WHAT YOU SHOULD DO: What is needed is an exact reproduction of the listing, without its pictures.

DATA BLOCK:

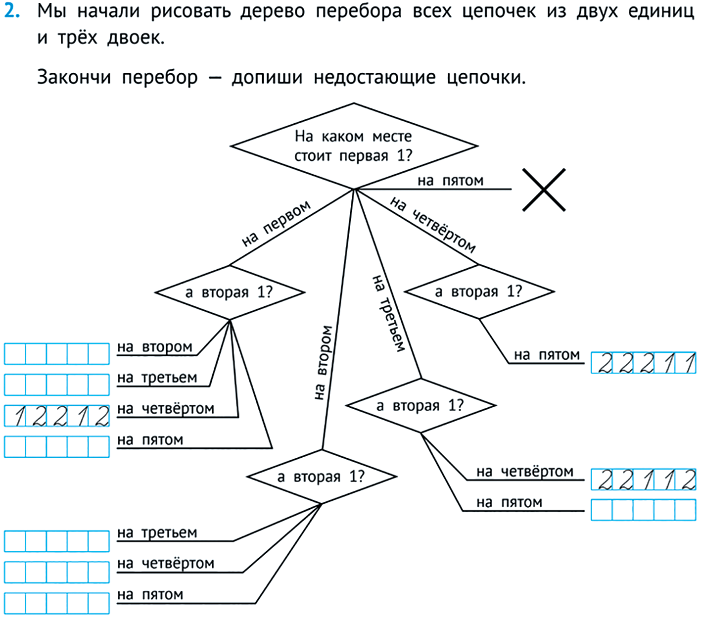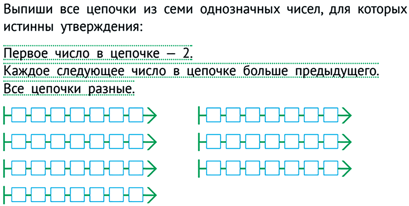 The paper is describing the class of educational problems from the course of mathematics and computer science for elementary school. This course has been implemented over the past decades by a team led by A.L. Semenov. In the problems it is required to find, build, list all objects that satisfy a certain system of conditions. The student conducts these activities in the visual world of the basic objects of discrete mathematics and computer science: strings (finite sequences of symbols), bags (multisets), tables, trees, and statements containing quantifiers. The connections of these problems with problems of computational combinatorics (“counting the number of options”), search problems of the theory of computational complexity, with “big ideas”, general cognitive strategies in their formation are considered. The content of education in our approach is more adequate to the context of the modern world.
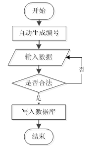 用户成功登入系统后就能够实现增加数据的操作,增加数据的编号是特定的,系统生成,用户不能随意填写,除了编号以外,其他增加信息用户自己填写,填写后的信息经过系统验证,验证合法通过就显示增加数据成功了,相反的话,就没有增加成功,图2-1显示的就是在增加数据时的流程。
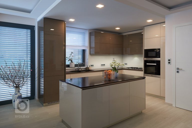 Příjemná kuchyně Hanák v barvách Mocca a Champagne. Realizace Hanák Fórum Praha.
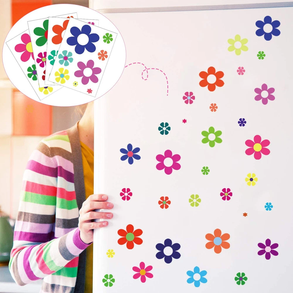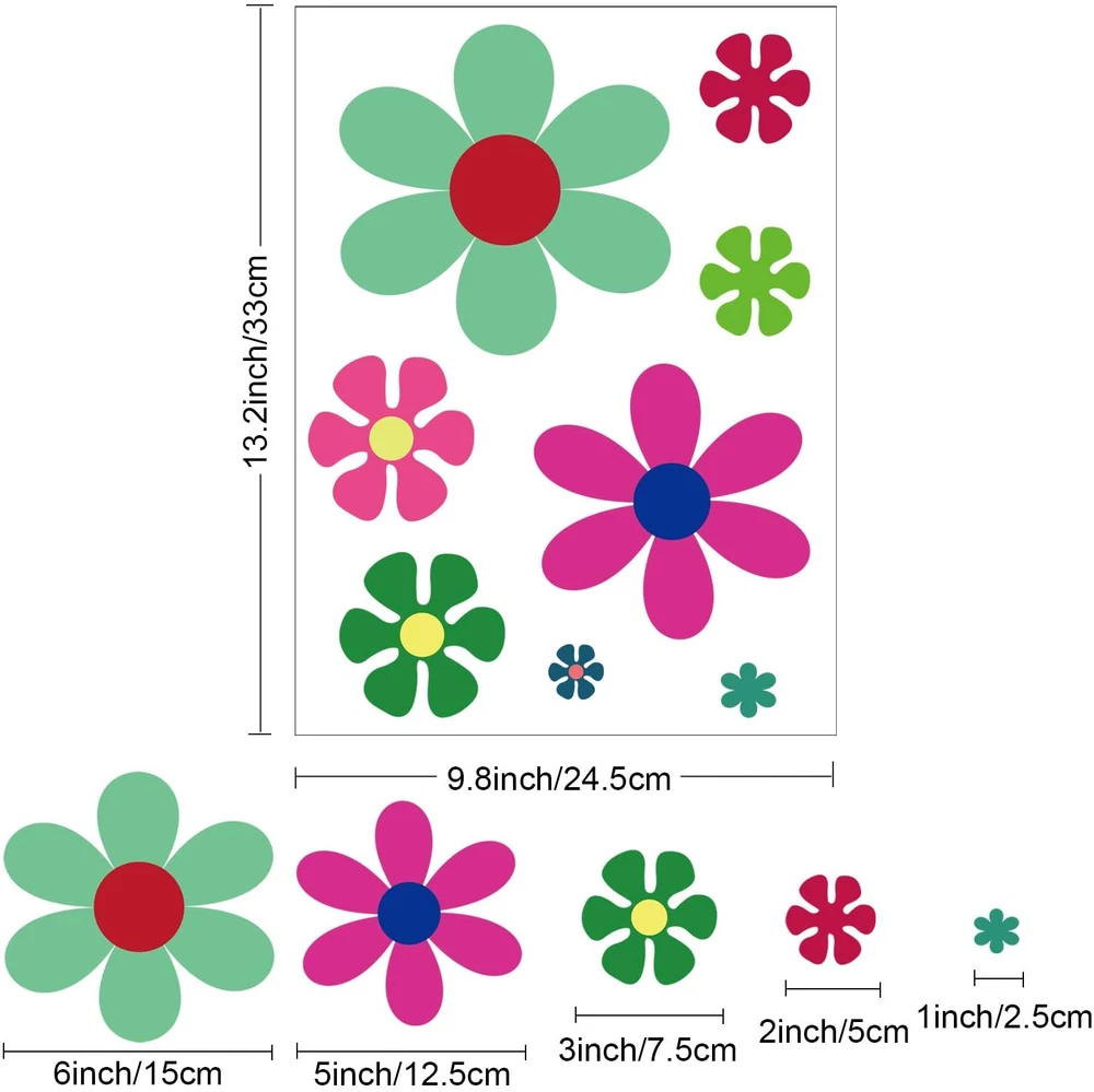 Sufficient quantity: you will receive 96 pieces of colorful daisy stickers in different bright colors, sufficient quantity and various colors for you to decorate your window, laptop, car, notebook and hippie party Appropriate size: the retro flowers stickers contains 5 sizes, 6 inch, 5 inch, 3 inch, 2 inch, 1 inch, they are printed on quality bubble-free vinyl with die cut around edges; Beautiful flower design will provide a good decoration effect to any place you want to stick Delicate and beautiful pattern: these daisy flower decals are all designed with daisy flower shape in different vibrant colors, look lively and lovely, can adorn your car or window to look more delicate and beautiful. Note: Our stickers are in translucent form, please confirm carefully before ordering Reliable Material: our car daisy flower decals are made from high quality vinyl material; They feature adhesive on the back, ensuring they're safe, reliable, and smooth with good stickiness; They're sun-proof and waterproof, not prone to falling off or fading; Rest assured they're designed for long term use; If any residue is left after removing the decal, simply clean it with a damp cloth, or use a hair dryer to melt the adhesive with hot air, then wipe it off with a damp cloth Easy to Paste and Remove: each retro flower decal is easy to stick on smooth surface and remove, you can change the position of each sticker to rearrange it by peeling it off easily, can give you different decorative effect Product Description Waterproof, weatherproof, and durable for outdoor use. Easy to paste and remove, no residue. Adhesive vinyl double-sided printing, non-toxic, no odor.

PROBLEM SOLUTION:
 The paper is describing the class of educational problems from the course of mathematics and computer science for elementary school. This course has been implemented over the past decades by a team led by A.L. Semenov. In the problems it is required to find, build, list all objects that satisfy a certain system of conditions. The student conducts these activities in the visual world of the basic objects of discrete mathematics and computer science: strings (finite sequences of symbols), bags (multisets), tables, trees, and statements containing quantifiers. The connections of these problems with problems of computational combinatorics (“counting the number of options”), search problems of the theory of computational complexity, with “big ideas”, general cognitive strategies in their formation are considered. The content of education in our approach is more adequate to the context of the modern world.
 用户成功登入系统后就能够实现增加数据的操作,增加数据的编号是特定的,系统生成,用户不能随意填写,除了编号以外,其他增加信息用户自己填写,填写后的信息经过系统验证,验证合法通过就显示增加数据成功了,相反的话,就没有增加成功,图2-1显示的就是在增加数据时的流程。
 Příjemná kuchyně Hanák v barvách Mocca a Champagne. Realizace Hanák Fórum Praha.
 Sufficient quantity: you will receive 96 pieces of colorful daisy stickers in different bright colors, sufficient quantity and various colors for you to decorate your window, laptop, car, notebook and hippie party Appropriate size: the retro flowers stickers contains 5 sizes, 6 inch, 5 inch, 3 inch, 2 inch, 1 inch, they are printed on quality bubble-free vinyl with die cut around edges; Beautiful flower design will provide a good decoration effect to any place you want to stick Delicate and beautiful pattern: these daisy flower decals are all designed with daisy flower shape in different vibrant colors, look lively and lovely, can adorn your car or window to look more delicate and beautiful. Note: Our stickers are in translucent form, please confirm carefully before ordering Reliable Material: our car daisy flower decals are made from high quality vinyl material; They feature adhesive on the back, ensuring they're safe, reliable, and smooth with good stickiness; They're sun-proof and waterproof, not prone to falling off or fading; Rest assured they're designed for long term use; If any residue is left after removing the decal, simply clean it with a damp cloth, or use a hair dryer to melt the adhesive with hot air, then wipe it off with a damp cloth Easy to Paste and Remove: each retro flower decal is easy to stick on smooth surface and remove, you can change the position of each sticker to rearrange it by peeling it off easily, can give you different decorative effect Product Description Waterproof, weatherproof, and durable for outdoor use. Easy to paste and remove, no residue. Adhesive vinyl double-sided printing, non-toxic, no odor.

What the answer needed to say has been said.